__ENTRIES SUPPLIED__

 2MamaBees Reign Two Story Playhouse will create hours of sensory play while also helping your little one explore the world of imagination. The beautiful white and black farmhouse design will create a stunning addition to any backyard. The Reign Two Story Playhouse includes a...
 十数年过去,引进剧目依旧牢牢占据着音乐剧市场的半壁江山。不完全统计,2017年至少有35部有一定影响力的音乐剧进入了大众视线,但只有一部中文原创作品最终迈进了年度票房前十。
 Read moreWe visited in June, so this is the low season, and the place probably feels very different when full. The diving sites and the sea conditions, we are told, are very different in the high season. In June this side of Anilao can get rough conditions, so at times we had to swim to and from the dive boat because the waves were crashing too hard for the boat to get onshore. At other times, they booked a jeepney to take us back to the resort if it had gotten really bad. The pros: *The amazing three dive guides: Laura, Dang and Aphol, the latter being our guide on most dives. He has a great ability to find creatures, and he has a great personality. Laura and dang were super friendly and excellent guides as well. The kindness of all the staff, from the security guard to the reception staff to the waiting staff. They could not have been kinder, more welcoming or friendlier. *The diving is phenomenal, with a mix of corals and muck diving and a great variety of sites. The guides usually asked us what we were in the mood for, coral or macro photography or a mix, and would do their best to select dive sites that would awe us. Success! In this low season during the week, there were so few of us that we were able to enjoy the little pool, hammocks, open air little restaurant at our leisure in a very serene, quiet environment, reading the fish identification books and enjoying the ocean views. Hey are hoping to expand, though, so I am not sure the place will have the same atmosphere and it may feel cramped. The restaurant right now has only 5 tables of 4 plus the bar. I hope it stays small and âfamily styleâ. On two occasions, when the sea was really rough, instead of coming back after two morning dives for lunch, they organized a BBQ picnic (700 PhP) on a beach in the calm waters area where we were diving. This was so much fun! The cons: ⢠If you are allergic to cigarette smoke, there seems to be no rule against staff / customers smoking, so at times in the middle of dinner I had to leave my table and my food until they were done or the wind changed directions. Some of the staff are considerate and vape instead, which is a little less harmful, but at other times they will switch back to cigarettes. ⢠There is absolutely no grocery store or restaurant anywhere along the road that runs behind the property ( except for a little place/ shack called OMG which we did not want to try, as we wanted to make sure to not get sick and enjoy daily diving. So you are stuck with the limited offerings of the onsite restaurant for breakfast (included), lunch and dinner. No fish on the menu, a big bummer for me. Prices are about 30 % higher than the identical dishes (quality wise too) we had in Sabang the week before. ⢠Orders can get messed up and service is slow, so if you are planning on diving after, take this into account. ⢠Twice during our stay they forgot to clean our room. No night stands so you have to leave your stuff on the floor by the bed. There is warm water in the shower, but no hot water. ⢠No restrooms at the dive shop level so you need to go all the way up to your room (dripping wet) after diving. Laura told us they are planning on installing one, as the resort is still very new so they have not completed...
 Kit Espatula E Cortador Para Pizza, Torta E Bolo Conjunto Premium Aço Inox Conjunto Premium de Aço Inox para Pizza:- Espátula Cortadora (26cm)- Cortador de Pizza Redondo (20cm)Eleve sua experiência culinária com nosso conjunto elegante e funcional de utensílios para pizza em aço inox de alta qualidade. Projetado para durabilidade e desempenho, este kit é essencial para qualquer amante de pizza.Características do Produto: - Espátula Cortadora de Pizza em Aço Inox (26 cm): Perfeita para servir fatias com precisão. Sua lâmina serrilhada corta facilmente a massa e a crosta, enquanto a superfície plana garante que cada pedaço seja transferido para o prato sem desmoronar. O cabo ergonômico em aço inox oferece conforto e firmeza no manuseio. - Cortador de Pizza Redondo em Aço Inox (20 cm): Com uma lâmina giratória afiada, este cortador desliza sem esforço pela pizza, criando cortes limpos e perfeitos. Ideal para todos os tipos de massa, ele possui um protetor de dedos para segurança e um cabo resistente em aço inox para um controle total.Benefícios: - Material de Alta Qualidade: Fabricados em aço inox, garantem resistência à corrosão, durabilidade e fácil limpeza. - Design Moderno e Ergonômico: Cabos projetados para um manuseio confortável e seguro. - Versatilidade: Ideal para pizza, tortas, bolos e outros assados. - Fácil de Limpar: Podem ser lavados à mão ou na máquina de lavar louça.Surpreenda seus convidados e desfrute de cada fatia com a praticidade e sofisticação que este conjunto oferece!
---
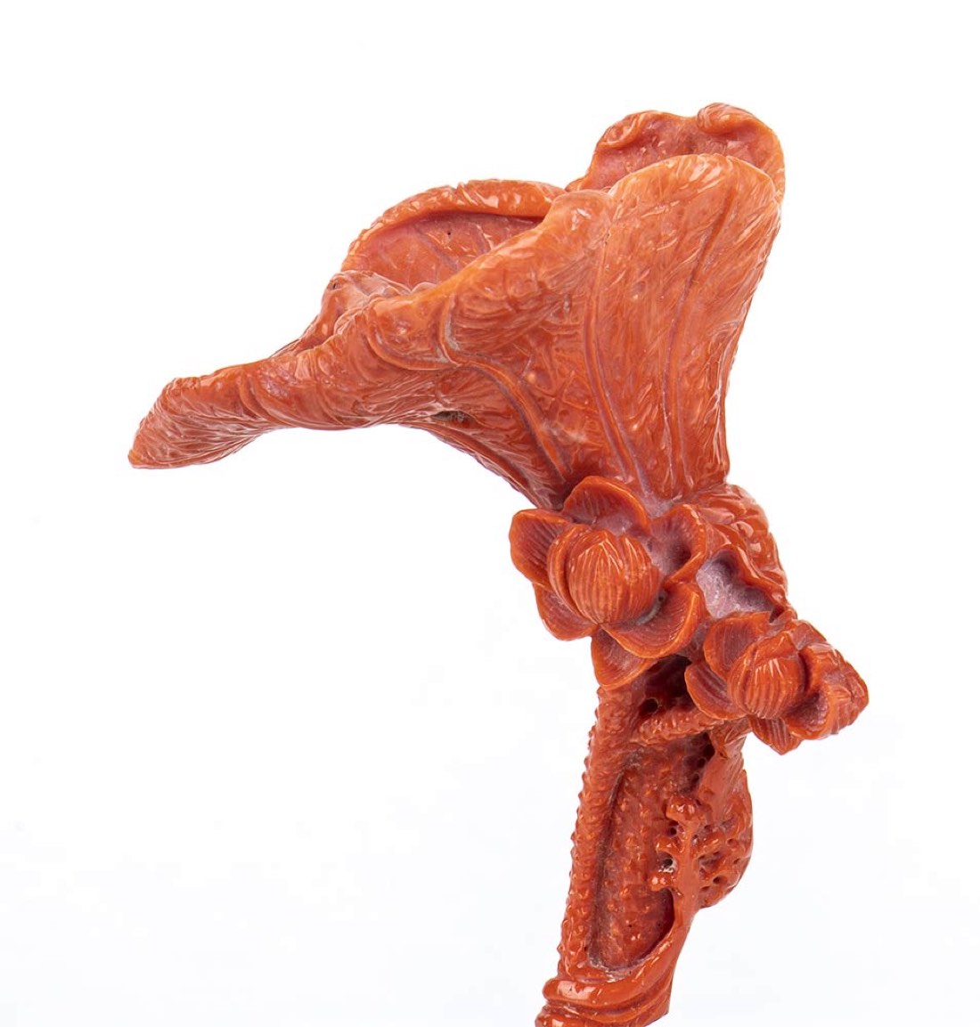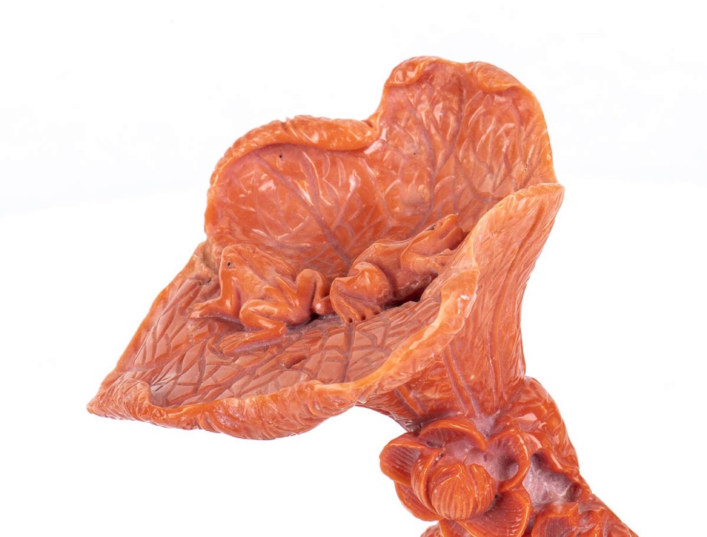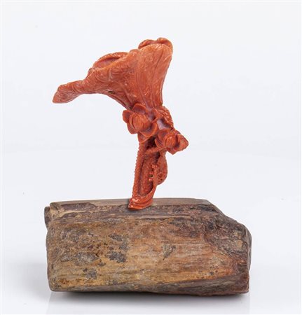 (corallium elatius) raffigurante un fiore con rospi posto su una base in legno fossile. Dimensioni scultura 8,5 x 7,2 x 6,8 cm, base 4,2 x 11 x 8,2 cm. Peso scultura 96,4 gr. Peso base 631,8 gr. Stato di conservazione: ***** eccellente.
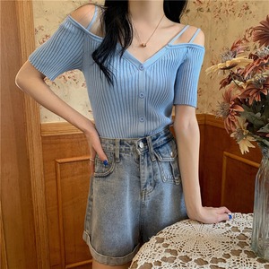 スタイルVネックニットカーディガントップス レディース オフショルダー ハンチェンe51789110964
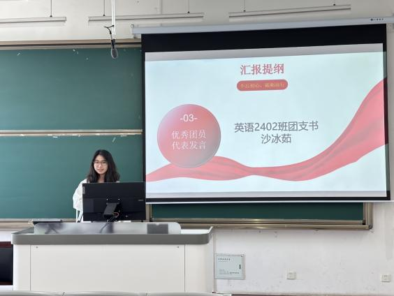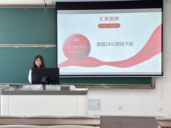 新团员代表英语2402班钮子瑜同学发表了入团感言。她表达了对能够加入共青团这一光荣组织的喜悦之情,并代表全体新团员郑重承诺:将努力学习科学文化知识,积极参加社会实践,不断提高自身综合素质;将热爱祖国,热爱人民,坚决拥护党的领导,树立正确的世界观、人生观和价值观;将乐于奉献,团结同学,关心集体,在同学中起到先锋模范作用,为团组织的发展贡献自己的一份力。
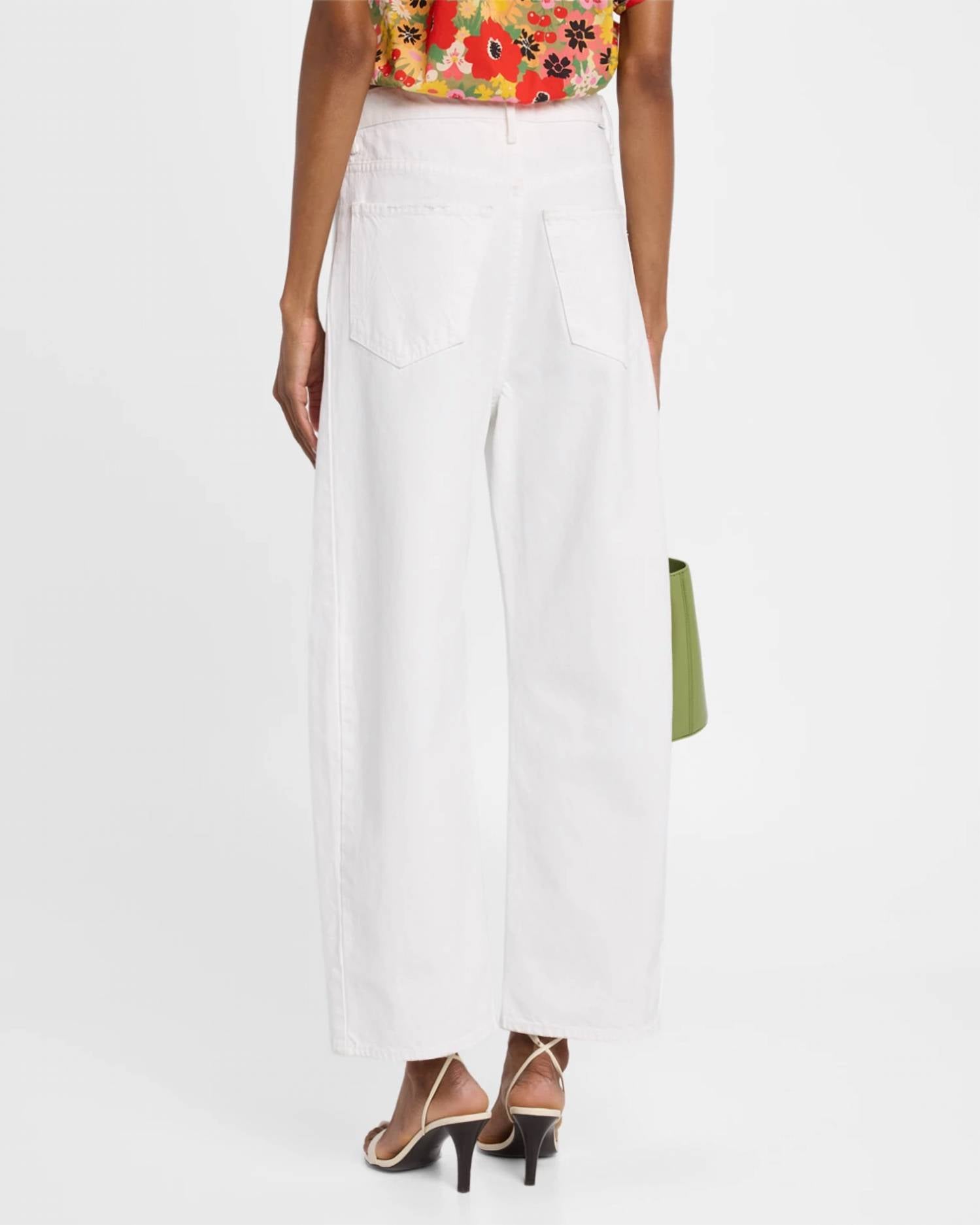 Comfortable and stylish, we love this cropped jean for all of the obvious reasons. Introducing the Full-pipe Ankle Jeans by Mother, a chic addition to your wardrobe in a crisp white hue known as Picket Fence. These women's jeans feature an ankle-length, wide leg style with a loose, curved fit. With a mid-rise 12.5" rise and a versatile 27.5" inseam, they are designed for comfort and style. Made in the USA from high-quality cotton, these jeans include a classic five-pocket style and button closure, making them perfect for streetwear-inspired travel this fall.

__WHAT IS EXPECTED__
Restate word for word the entries above, starting at the line with "2MamaBees Reign Two" and ending at the line with "十数年过去,引进剧目依旧牢牢", inclusive, and no others.

__FINISHED TASK__
 2MamaBees Reign Two Story Playhouse will create hours of sensory play while also helping your little one explore the world of imagination. The beautiful white and black farmhouse design will create a stunning addition to any backyard. The Reign Two Story Playhouse includes a...
 十数年过去,引进剧目依旧牢牢占据着音乐剧市场的半壁江山。不完全统计,2017年至少有35部有一定影响力的音乐剧进入了大众视线,但只有一部中文原创作品最终迈进了年度票房前十。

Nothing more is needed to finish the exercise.